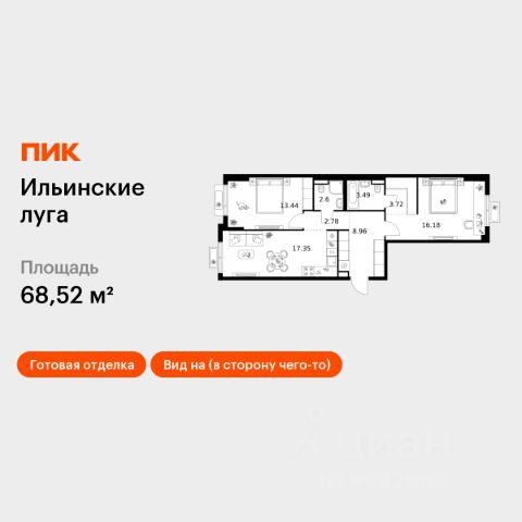 Продаётся 2-комн. квартира площадью 68,52 кв.м на 8 этаже 9 этажного дома (Корпус 4.1, Секция 5) проекта ПИК Ильинские луга. Светлый просторный подъезд на уровне земли, функциональная планировка, большие окна, c отделкой. Жилой район "Ильинские луга" находится в 10 километрах от МКАД по Новорижскому шоссе, в 20 минутах на автомобиле от станций метро "Волоколамская", "Тушинская" и "Строгино". В будущем ближе к проекту, в 9 минутах пути на машине, откроется станция "Ильинская" Рублёво-Архангельской линии, которая будет соединять Арбатско-Покровскую линию и Большую кольцевую линию. Сейчас в квартале начались продажи в корпусах 3.2, 3.3, 3.4, 3.5 и 3.6. "Ильинские луга" — масштабный проект, в который входит девять детских садов, четыре школы и поликлиника. Он строится в престижном и экологичном районе среди лесов и памятников природы. За 5 минут от жилого квартала можно доехать до Рублёво-Успенского шоссе, а за 30 минут — до центра Москвы. До крупного торгового центра "РИГАМОЛЛ" всего 5 минут на автомобиле, а до ТЦ "Твой дом" и гипермаркета "Глобус" — 10 минут. В "Ильинских лугах" строятся только девятиэтажные дома — такая архитектура соответствует спокойной жизни за городом. В каждом дворе-парке есть места для отдыха, детские и спортивные площадки. А ещё, здесь уже открыт большой PlayHub "Гравити" — современное игровое пространство с космической тематикой, холмами, зонами для игр и отдыха жителей любого возраста. На первых этажах уже работают магазины, кафе и пекарни. Места для отдыха от "Ильинских лугов" тоже недалеко: 10 минут на машине — и вы в музее-усадьбе "Архангельское". Также рядом находится Лохин остров — памятник природы, где водятся речные черепахи, есть места для кемпинга и возможность сплавиться по реке. Артикул 1016240 (Застройщик ООО "СЗ "ГРАДОЛИМП")
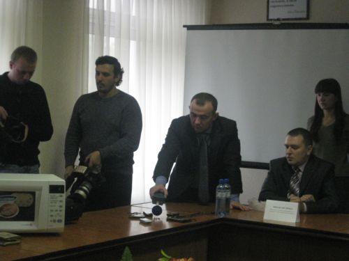 А от організатори прес-клубу продемонстрували не лише згаданий ролик, а й провели експеримент: ми журналісти виділили для нього свої телефонні апарати ( той, що з найбільшим рівнем випромінювання теж брав участь) і почався експеримент. Зернята кукурудзи оточені п’ятьма нашими мобілками ніяк не хотіли готуватись, ми дзвонили і дзвонили, а вони все не готувались. В цей час представники СЕС тільки мовчки посміхались. А може попкорн не справжній?! Нарешті, нам все пояснили, а точніше – показали ще один ролик, тільки вже про те, як саме знімався попередній (той, де готували попкорн). Виявляється все діло в магнітроні, який Інтернетні умільці витягнули з мікрохвильової печі і помістили під столом, прямо під зернятами кукурудзи. А коли мікрохвильову включили (у цей час на мобільні апарати здійснювався дозвон) – зернята перетворились на попкорн. Ото й увесь фокус! До речі, і наші зернята, ті що так вперто не піддавались дії мобілок, в мікрохвильовій печі приготувались швидко і вийшли дуже смачними. Ось так розвіюються міфи!
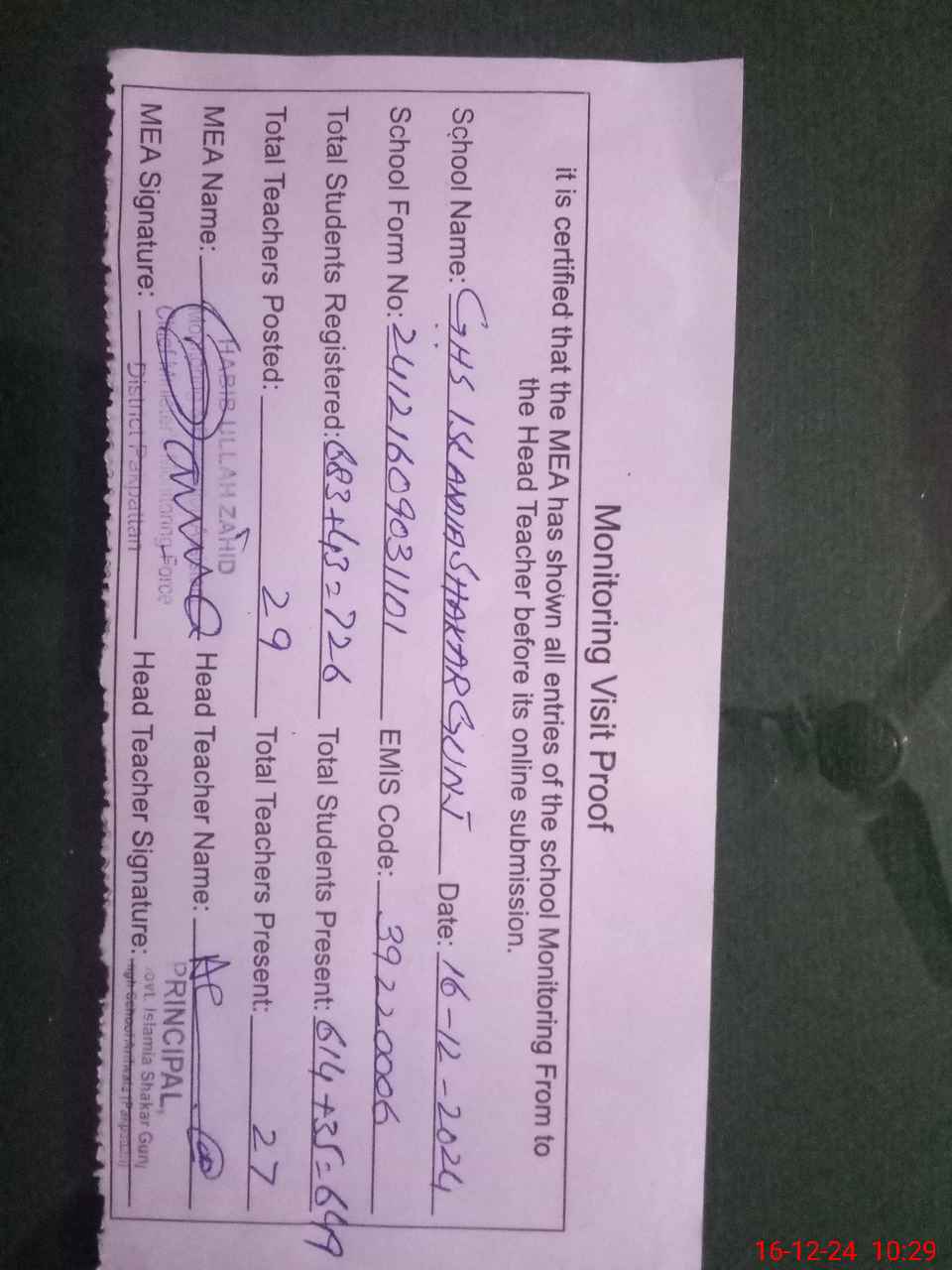 | Attendance Register | Head Teacher | MEA with School | Visit Proof |

* * * * * * *

Work task => The whole listing above needs to be copied exactly; please keep the pictures out.

Answer for the task =>
 Продаётся 2-комн. квартира площадью 68,52 кв.м на 8 этаже 9 этажного дома (Корпус 4.1, Секция 5) проекта ПИК Ильинские луга. Светлый просторный подъезд на уровне земли, функциональная планировка, большие окна, c отделкой. Жилой район "Ильинские луга" находится в 10 километрах от МКАД по Новорижскому шоссе, в 20 минутах на автомобиле от станций метро "Волоколамская", "Тушинская" и "Строгино". В будущем ближе к проекту, в 9 минутах пути на машине, откроется станция "Ильинская" Рублёво-Архангельской линии, которая будет соединять Арбатско-Покровскую линию и Большую кольцевую линию. Сейчас в квартале начались продажи в корпусах 3.2, 3.3, 3.4, 3.5 и 3.6. "Ильинские луга" — масштабный проект, в который входит девять детских садов, четыре школы и поликлиника. Он строится в престижном и экологичном районе среди лесов и памятников природы. За 5 минут от жилого квартала можно доехать до Рублёво-Успенского шоссе, а за 30 минут — до центра Москвы. До крупного торгового центра "РИГАМОЛЛ" всего 5 минут на автомобиле, а до ТЦ "Твой дом" и гипермаркета "Глобус" — 10 минут. В "Ильинских лугах" строятся только девятиэтажные дома — такая архитектура соответствует спокойной жизни за городом. В каждом дворе-парке есть места для отдыха, детские и спортивные площадки. А ещё, здесь уже открыт большой PlayHub "Гравити" — современное игровое пространство с космической тематикой, холмами, зонами для игр и отдыха жителей любого возраста. На первых этажах уже работают магазины, кафе и пекарни. Места для отдыха от "Ильинских лугов" тоже недалеко: 10 минут на машине — и вы в музее-усадьбе "Архангельское". Также рядом находится Лохин остров — памятник природы, где водятся речные черепахи, есть места для кемпинга и возможность сплавиться по реке. Артикул 1016240 (Застройщик ООО "СЗ "ГРАДОЛИМП")
 А от організатори прес-клубу продемонстрували не лише згаданий ролик, а й провели експеримент: ми журналісти виділили для нього свої телефонні апарати ( той, що з найбільшим рівнем випромінювання теж брав участь) і почався експеримент. Зернята кукурудзи оточені п’ятьма нашими мобілками ніяк не хотіли готуватись, ми дзвонили і дзвонили, а вони все не готувались. В цей час представники СЕС тільки мовчки посміхались. А може попкорн не справжній?! Нарешті, нам все пояснили, а точніше – показали ще один ролик, тільки вже про те, як саме знімався попередній (той, де готували попкорн). Виявляється все діло в магнітроні, який Інтернетні умільці витягнули з мікрохвильової печі і помістили під столом, прямо під зернятами кукурудзи. А коли мікрохвильову включили (у цей час на мобільні апарати здійснювався дозвон) – зернята перетворились на попкорн. Ото й увесь фокус! До речі, і наші зернята, ті що так вперто не піддавались дії мобілок, в мікрохвильовій печі приготувались швидко і вийшли дуже смачними. Ось так розвіюються міфи!
 | Attendance Register | Head Teacher | MEA with School | Visit Proof |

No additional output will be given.